▸ TASK: Drop the pictures and repeat the remaining data exactly.

▸ DATASET EXTRACT:
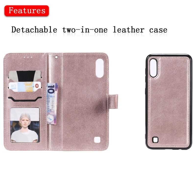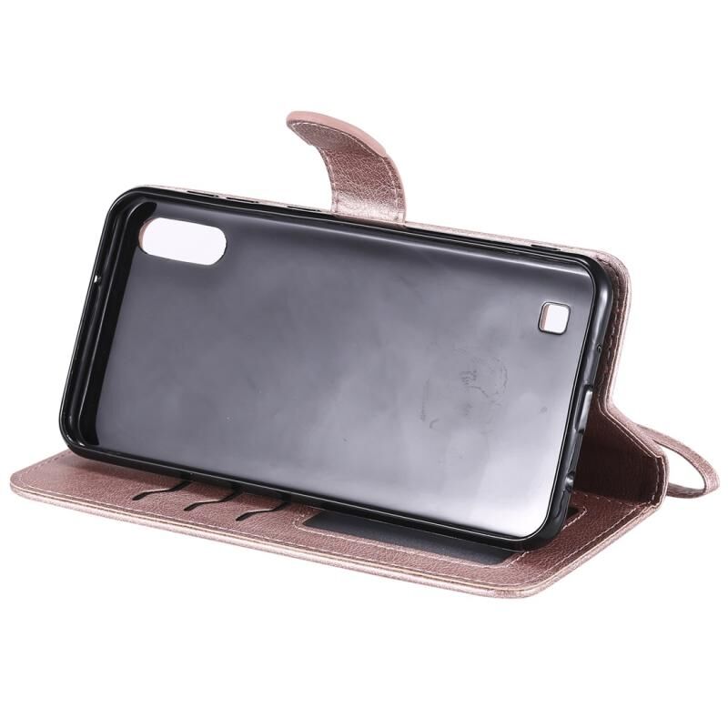 Για Galaxy M10 Αμιγές χρώμα οριζόντια Flip προστατευτική θήκη με θήκη & υποδοχές για κάρτες & πορτοφόλι & κορνίζα φωτογραφιών & κορδόνι (Rose Gold)
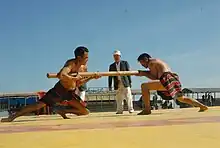 The game is played by two players, each player holding the rod under his arm, as in the game of tug of war.[5] The end of the rod should protrude for at least two inches under the armpit, and the centre of the rod must align with the centre of the circle.
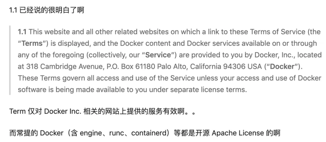 不过,许多网友在知乎等平台上展开了热烈的讨论,指出 Docker 更新的服务协议主要针对的是 Docker Inc. 提供的服务,而开源的 Docker(包括 engine、runc 和 containerd)依然遵循 Apache License,理论上不受影响。

▸ SOLUTION BELOW:
 Για Galaxy M10 Αμιγές χρώμα οριζόντια Flip προστατευτική θήκη με θήκη & υποδοχές για κάρτες & πορτοφόλι & κορνίζα φωτογραφιών & κορδόνι (Rose Gold)
 The game is played by two players, each player holding the rod under his arm, as in the game of tug of war.[5] The end of the rod should protrude for at least two inches under the armpit, and the centre of the rod must align with the centre of the circle.
 不过,许多网友在知乎等平台上展开了热烈的讨论,指出 Docker 更新的服务协议主要针对的是 Docker Inc. 提供的服务,而开源的 Docker(包括 engine、runc 和 containerd)依然遵循 Apache License,理论上不受影响。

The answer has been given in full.